“It will be possible to hire a certified electrician to teach high school English under the Innovative Districts proposal,” was one charge made during Open Forum at this month’s State Board of Education meeting.
Later that morning, Kansas Education Commissioner-Elect Randy Watkins spoke for the Coalition of Innovative School Districts (CISD) and asserted that was not their intention.
So, do we run schools (or any other government enterprise) based on “intentions” or based on “the letter of the law.” The answer to that is simple: we run schools by the letter of the law. So yes, CISD schools could hire electricians to teach English.
I have a rule to never question intentions. I always write to written proposals and recorded statements. I never impugn others’ motivation or integrity. Yet, CISD’s strategy is to win acceptance based on “good intentions” and “trust me” and not on the substance of the various proposals they have submitted. So I have no choice but to address “intent.”
CISD invited the Kansas Deans of Education to a place at the table as a stakeholder. However, in their April 15 letter of invitation, CISD made clear in bold type that “...a public innovative district shall be exempt from all laws and rules and regulations that are applicable to school districts.” So yes, the Education Deans are invited to the table, but they will be eating what the CISD serves up. The 2013 House Bill 2319 pretty much makes the involvement of any “stakeholders” moot. That includes stakeholders such as teachers who are concerned with having incompetent colleagues as well as parents worried about their child’s teachers?
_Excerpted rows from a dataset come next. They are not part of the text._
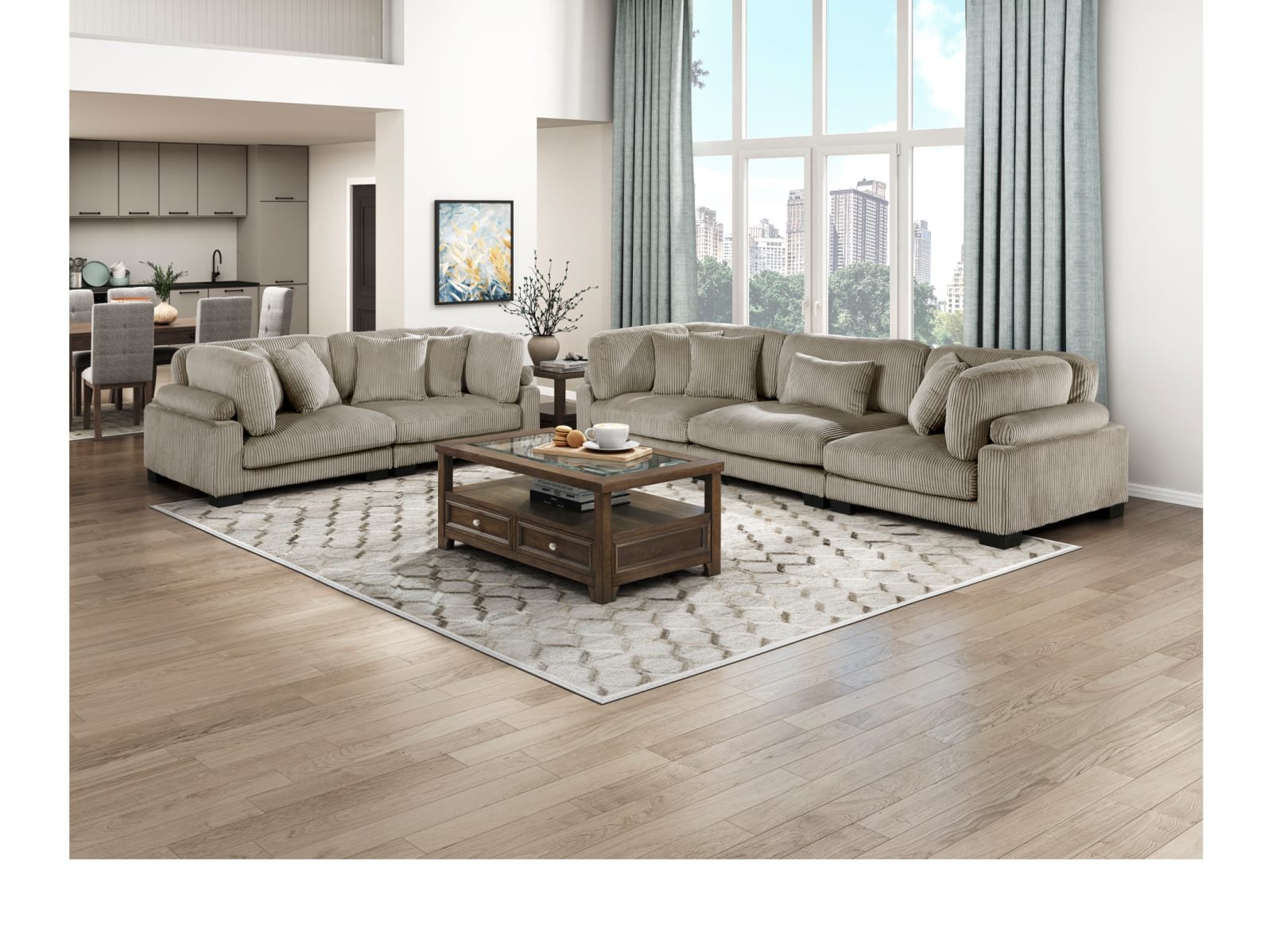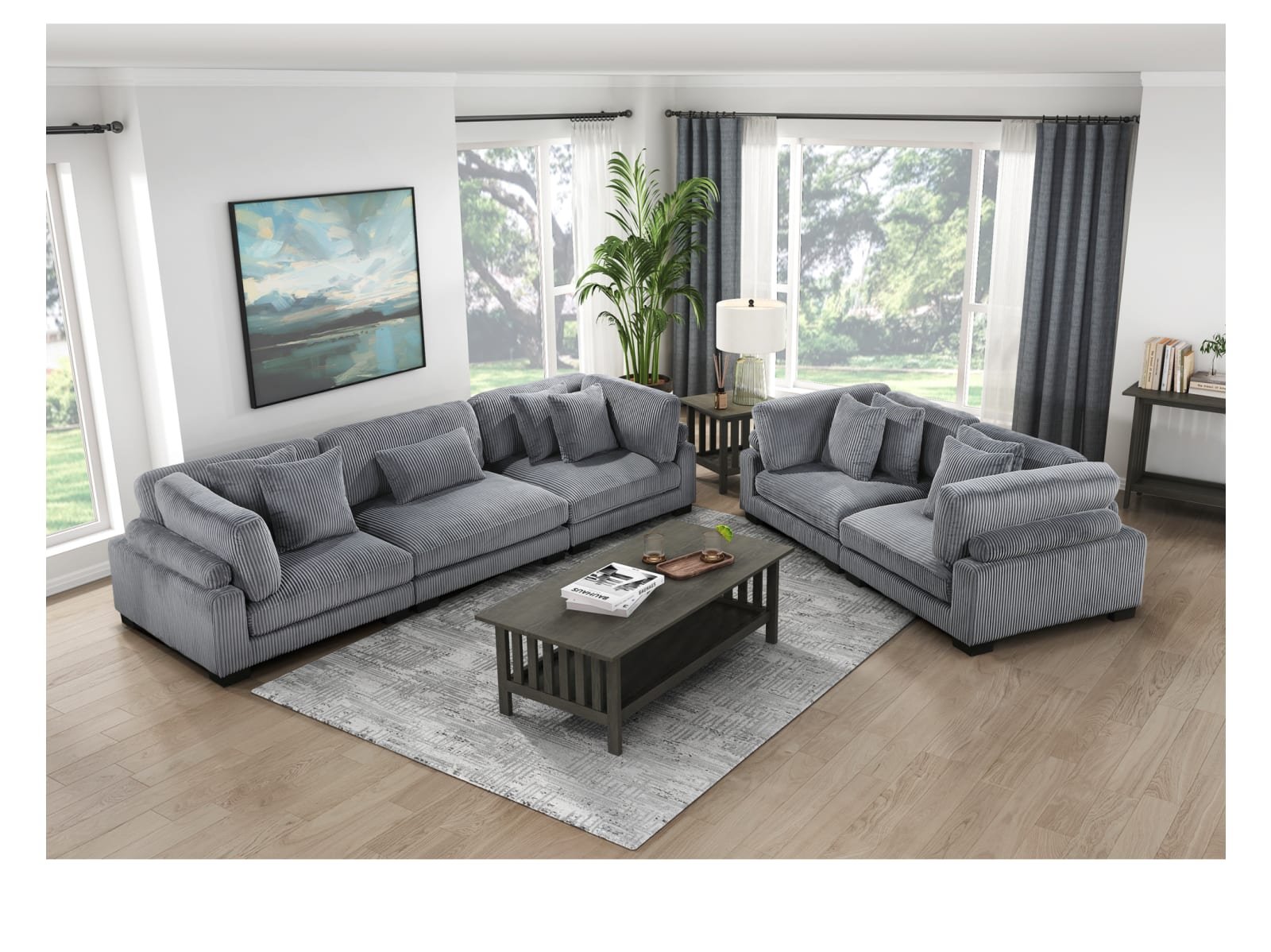 Configurable to your available space, the Cedric Collection allows for the addition and detachment of pieces for a customized seating experience. The sofa configuration consists of two corner units paired with a centrally placed armless chair. The gray corduroy fabric upholstery creates a plush expanse for a soft touch experience. The corner seat features two toss pillows, adjustable back and arm rest, and reversible cushions. The armless chair features a lumbar pillow, and reversible cushions.
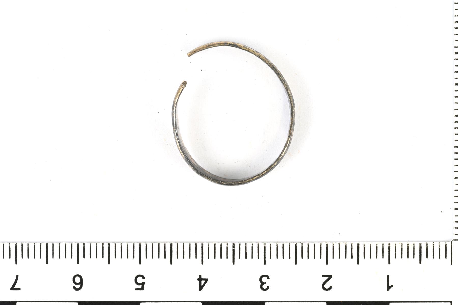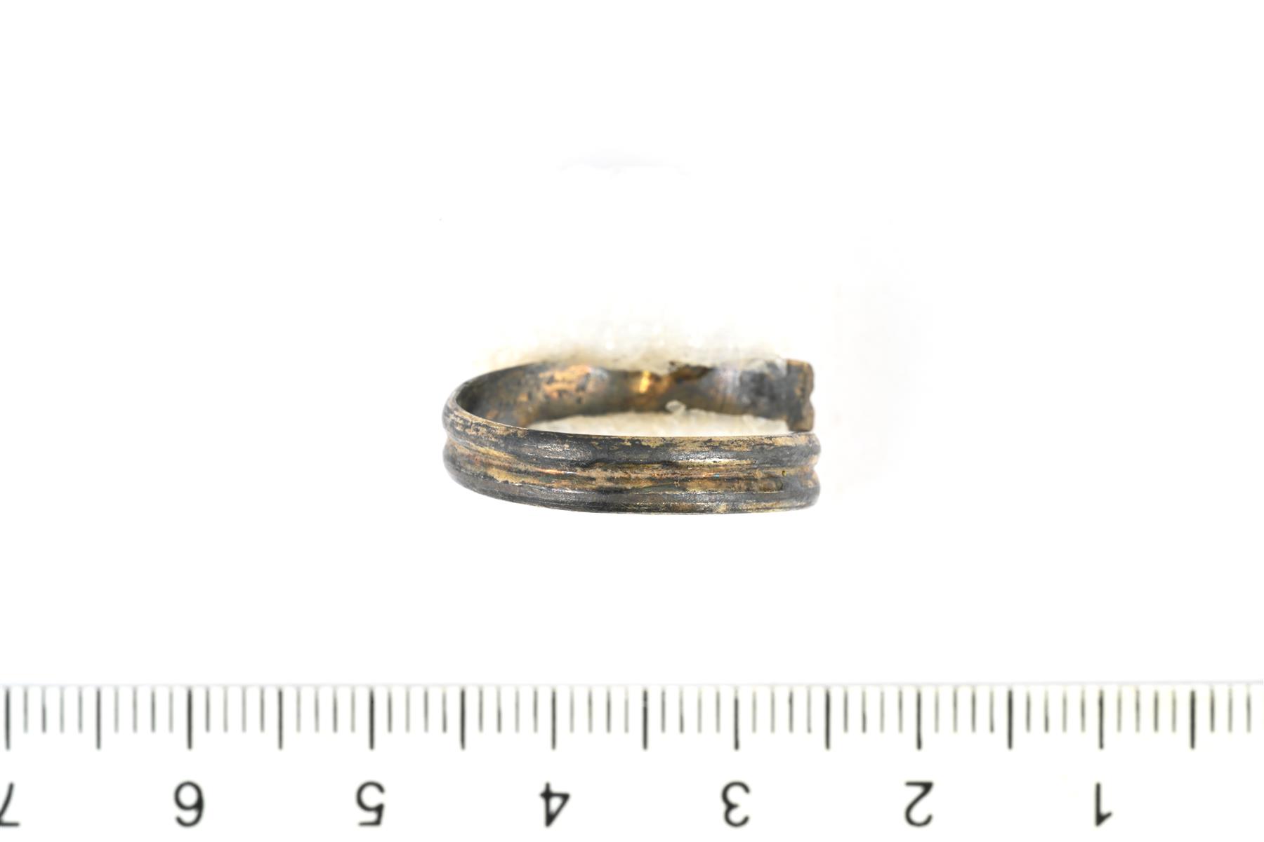 | Tasaleveä hopeasormus. Keskellä kulkee uurre. Pinnassa on kultausta. | |
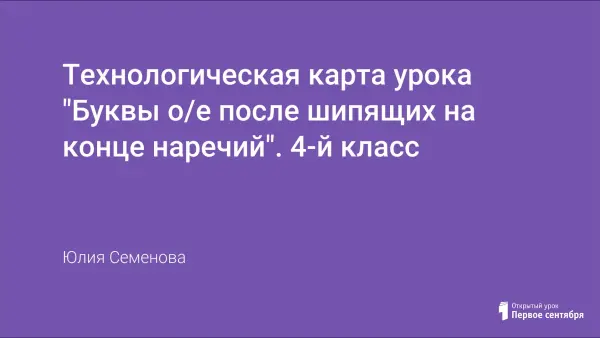 Цель урока: находить (видеть) в словах орфограмму букву о, е после шипящих на конце наречий, писать слова с этой орфограммой, устно и графически объяснять условия выбора написания, отличать орфограмму букву о, е после шипящих на конце наречий от орфограммы буквы ё, о после шипящих в корне, суффиксе и окончании других частей речи.
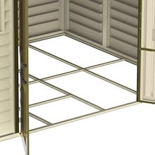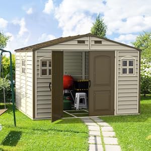 • Duramax WoodSide 10 x 8 (8.02 m2) Plastic Garden Shed with 3 Fixed Windows & Metal Foundation Kit, Strong Metal Roof Structure Fire Retardant and Maintenance-Free Storage Shed - Ivory/Brown
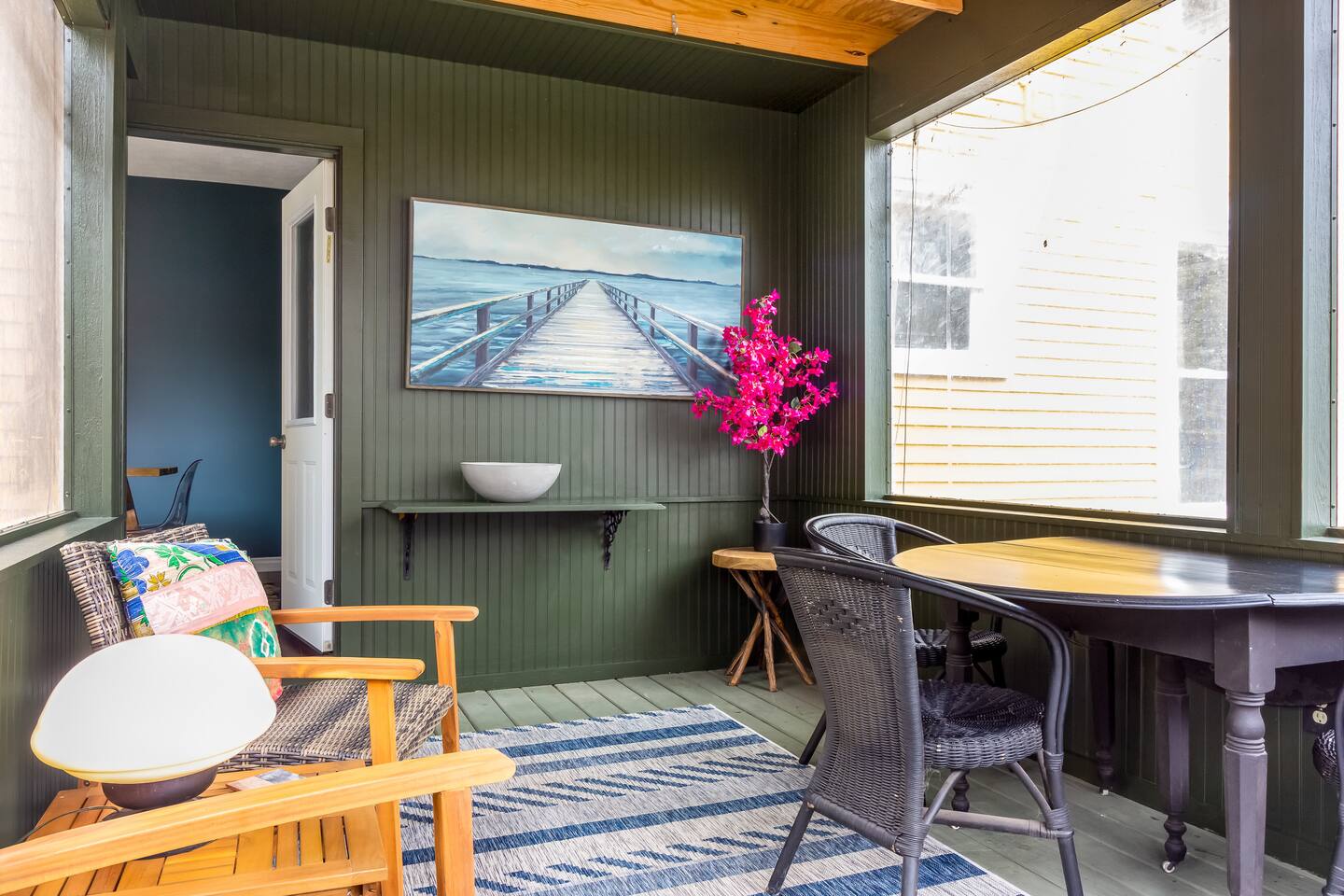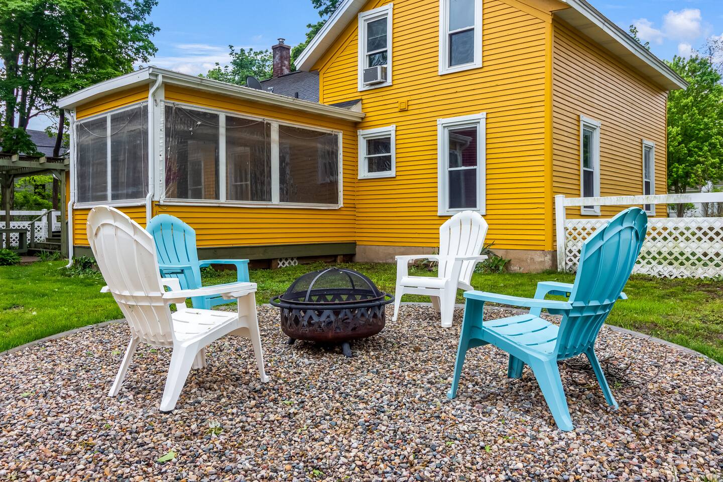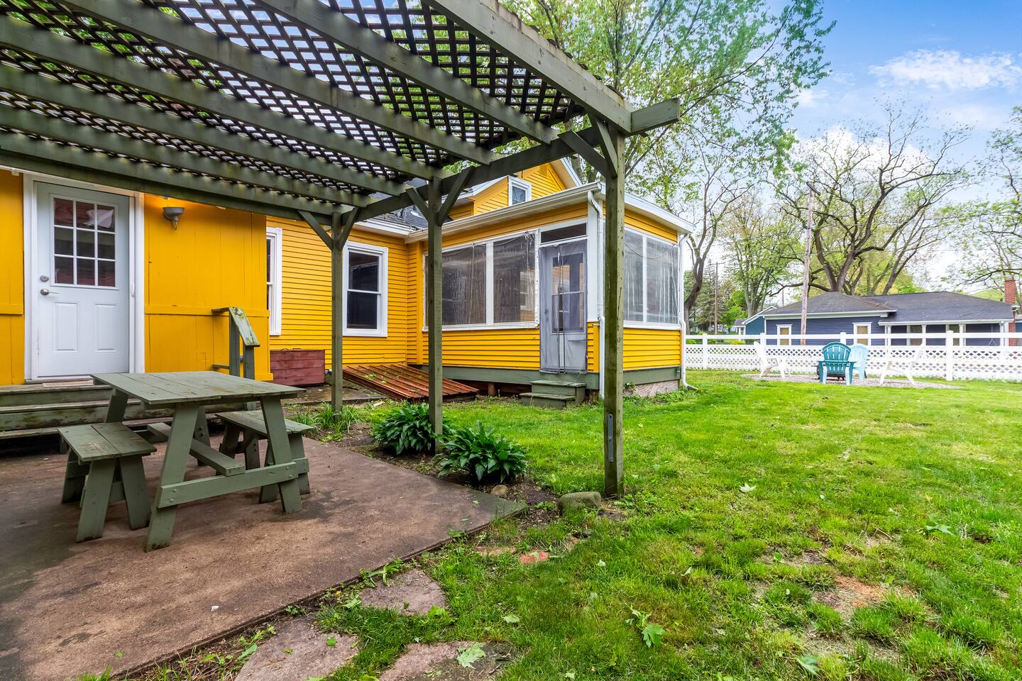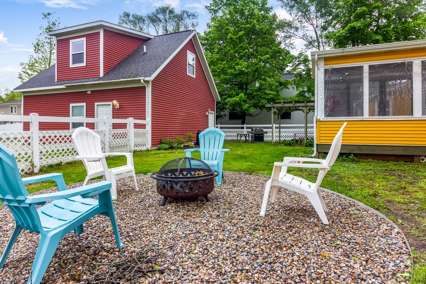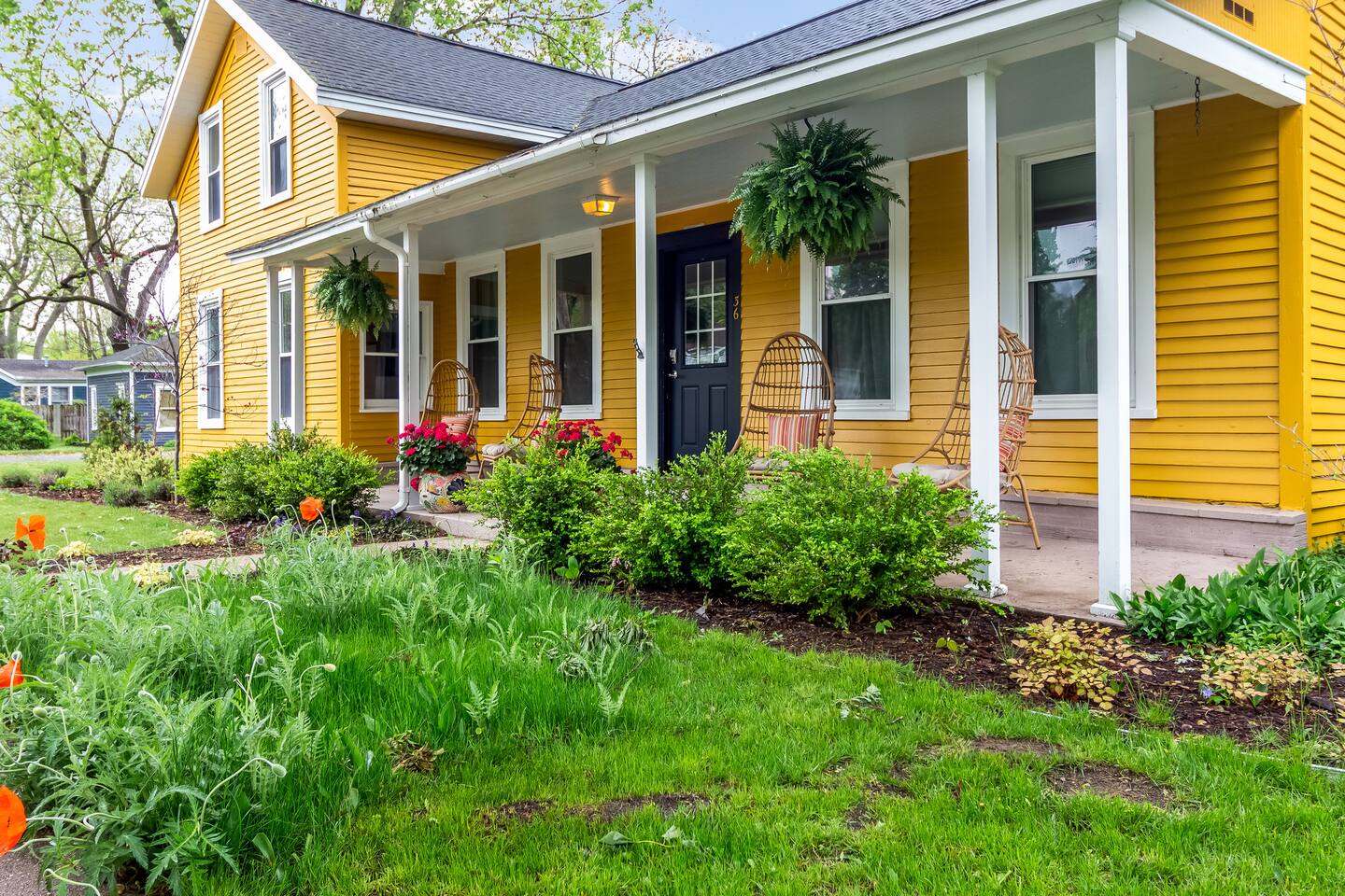 ✨ Highlights: 🛏 4 total bedrooms + sofabed (sleeps up to 9) 🛁 3 full bathrooms 🍳 Two fully equipped kitchens 🌞 Screened-in sunroom + open-concept cottage living 🔥 Fire pit + grill in fenced backyard 🐾 Dog-friendly with fully enclosed outdoor space 📍 Quiet, walkable neighborhood close to shops, dining, and the lake Marigold Farmhouse features three bedrooms, two bathrooms, a spacious kitchen and dining area, and a relaxing sunroom—perfect for larger family meals or cozy nights in. Poppy Cottage, just steps away, offers a private one-bedroom guest house with an open-plan kitchen, living, and dining space, plus a sofabed for extra flexibility. Together, they strike the perfect balance between shared time and personal space. Gather around the fire pit, grill up dinner, or let the dogs roam in the fenced yard. Whether you’re sipping coffee on the porch or catching the sunset after a beach day, Marigold & Poppy makes it easy to relax and reconnect.
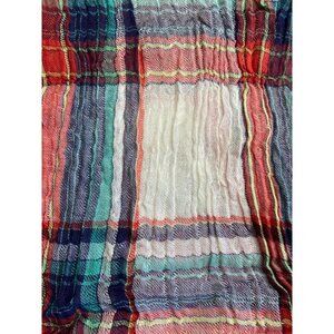 This scarf offers a lightweight, sheer design with a colorful plaid pattern. Its crinkle texture adds visual interest, while the rectangular shape provides versatile styling options.
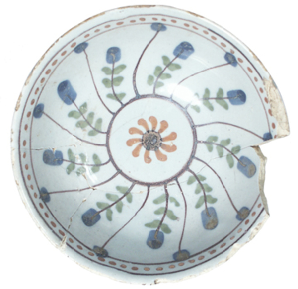 | 5c | kobaltblauw, koperoxide en ijzeroxide; inw: wentelend rad motief van stengels en stengels met blad polychroom |
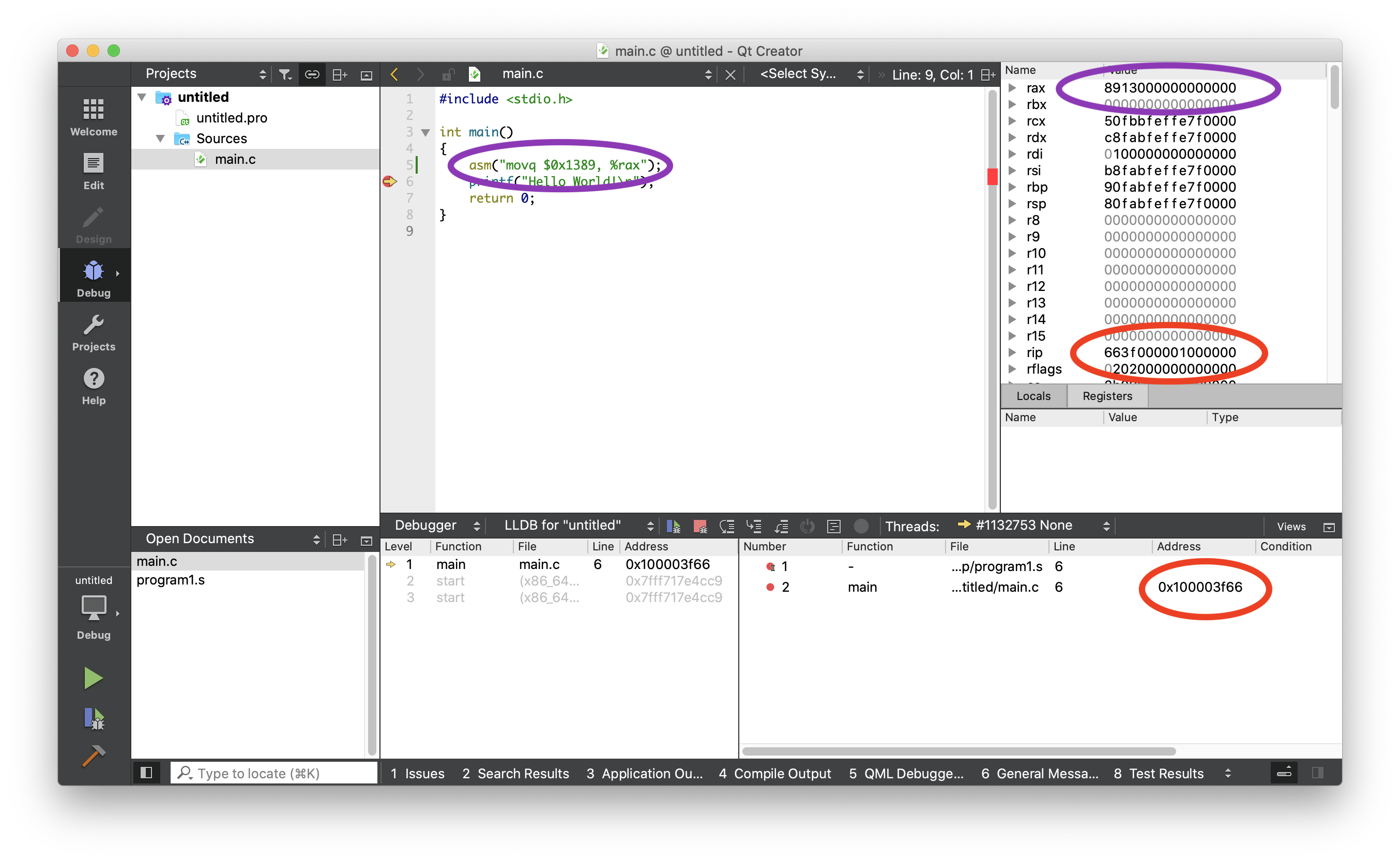 #include <stdio.h> int main() { asm("movq $0x1389, %rax"); printf("Hello World!\n"); return 0; }

The “intent” of CISD members varies greatly. The two big districts at the east edge of Kansas want the money that comes with being “innovative.” One superintendent was very clear in her request for funds to pay for concurrent enrolment course work for poor students. For these two CISD schools, it is a disadvantage if the number of innovative schools grows much beyond the current six to the allowed 28 or even 56 (including Title I priority schools). That would dilute the innovation money dramatically.
On the other side is the original proposal by Hugoton that reflects a completely different widespread shortage of qualified teachers in rural areas. If Hugoton got permission to “grow their own” teachers and license them locally—so a teacher could not teach in any other district—half of the rural Kansas USDs would be eager to join in this ability to hire non-licensed and even non-degreed “teachers” and keep them from leaving.
Why would any superintendent want to hire an unqualified teacher? A shortage is growing nationwide. Nearly every state is issuing permits and emergency teaching licenses to staff their classrooms. However, they do not declare the permit teacher to be a fully qualified teacher, making the shortage go away on paper. Kansas will.
Advocates for CISD declare that these school administrators will be held to higher standards, and the CISD bylaws talk of “meeting the standards for math and reading” as well as showing improvement in graduates enlisting in the military or completing post-secondary programs.” Not only is this more teaching-to-the-test in two narrow areas, it ignores science, music, art, social studies, special education and other areas.
There are those who believe that if we allow untrained teachers into the classroom, Kansas schools may even improve and show that education courses and even college degrees are not needed.
CISD is claiming that they do not intend to deprofessionalize teaching, saying “trust us.”
But their proposals on paper say the opposite. Trust me, they do.